Amalrik was best known in the Western world for his essay, Will the Soviet Union Survive Until 1984?
Amalrik was born in Moscow, during the time of Joseph Stalin's purges.
When the Soviet revolution broke out, Andrei's father, then a young man, volunteered for the Red Army. After the war he went into the film industry. Andrei's father fought in World War II in the Northern Fleet. He was overheard uttering negative views about Stalin's qualities as a military leader, which led to his arrest and imprisonment; he feared for his life, but shortly afterward was released to rejoin the army. In 1942 he was wounded at Stalingrad and invalided out of the service. Andrei's father's hardships explain Andrei's decision to become a historian.
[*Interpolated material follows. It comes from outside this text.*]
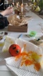 A vertical side-angle video captures a warm, communal moment at a Pysanka workshop. In the foreground rests an orange Pysanka with visible wax patterns. As the camera pans from left to right, the hands of other participants come into view—carefully working on their eggs near glowing candles. The white table is filled with dyes, styluses, paper napkins, while the soft candlelight creates a cozy, focused atmosphere. The camera finishes on a candle light and majestic floral centerpiece with narcissus, blooming branches, and green moss, enhancing the beauty and unity of the scene.

For his father, after climbing the educational ladder, was after the war refused permission to study at the Academy of Sciences' Institute of History on account of what authorities felt was his own compromised political past. But as Historian John Keep wrote: "Andrei has gone one better by not only writing history but by securing a place in it."
Andrei's father developed a serious heart condition which required constant nursing. This care was provided first by his wife, and on her death from cancer in 1959 by his son Andrei, until Andrei's arrest prevented him from ministering to his father's needs. He died when Andrei was in prison.
In high school, Andrei Amalrik was a restless student and truant. He was expelled a year before graduation. Despite this, he won admission to the history department at Moscow State University in 1959.
In 1963, he angered the university with a dissertation suggesting that Scandinavian warrior-traders and Greeks, rather than Slavs, played the principal role in developing the early Russian state in the ninth century. Amalrik refused to modify his views and was expelled from Moscow University.